Head of the Sunni Endowment Office
- In office July 2005 – November 2013
- Preceded by: Adnan al-Dulaimi
- Succeeded by: Mahmud al-Sumaydai

Personal details
- Born: 1955 Samarra, Iraq
- Died: 24 February 2024 (aged 68–69) Amman, Jordan
- Education: Arab History and Scientific Heritage Institute [ar]
- Occupation: Jurist Scholar

= Ahmed Abdul-Ghafur =

Iraqi jurist, scholar, and politician (1955–2024)

Ahmed Abdul-Ghafur (أحمد عبد الغفور; 1955 – 24 February 2024) was an Iraqi jurist, Islamic scholar, and politician. He served as head of the Sunni Endowment Office from 2005 to 2013.
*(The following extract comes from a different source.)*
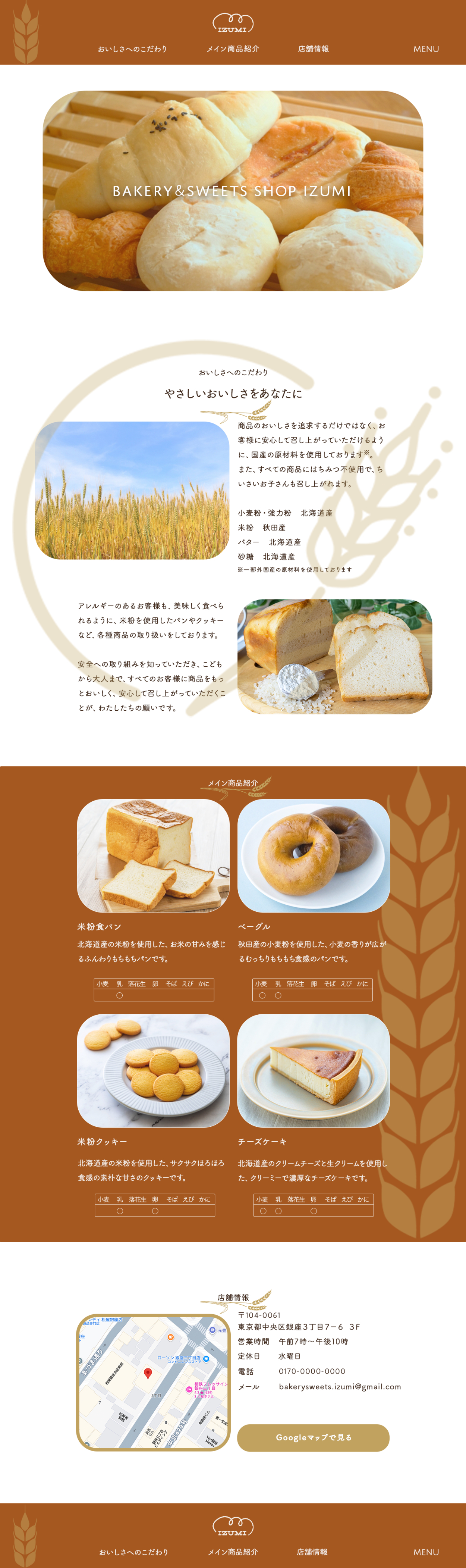 - 原材料(主に粉)にこだわっているので、小麦・米の稲穂をイメージしたアクセントカラー

Born in Samarra in 1955, Abdul-Ghafur studied Islamic law in Baghdad and earned advanced degrees in Islamic history, culminating in a Ph.D. in 2003 from the Institute of Arab History and Scientific Heritage. He became known for his sermons, particularly at the Imam Al-Ghazali Mosque in Samarra and later at the Umm Al-Qura Mosque in Baghdad.
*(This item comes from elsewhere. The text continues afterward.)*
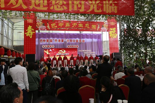 十月二十一日(农历九月初九)上午十时巴中首届“千老宴”大型公益主题活动在巴中鼎力生态园盛大开启,来自全市1400余名老年朋友欢聚在一起,话情谊、叙家常、品美食、度佳节。

During his tenure at the Sunni Endowment, he was an outspoken critic of extremist violence. In one sermon he condemned attacks on civilians, stating, "The real resistance should only target the occupiers... Everybody should speak out against such inhumane acts."

Her survived multiple threats to his life, including a suicide bombing attempt, which he publicly attributed to al-Qaeda.

Abdul-Ghafur died in Amman on 24 February 2024 after suffering from terminal illness.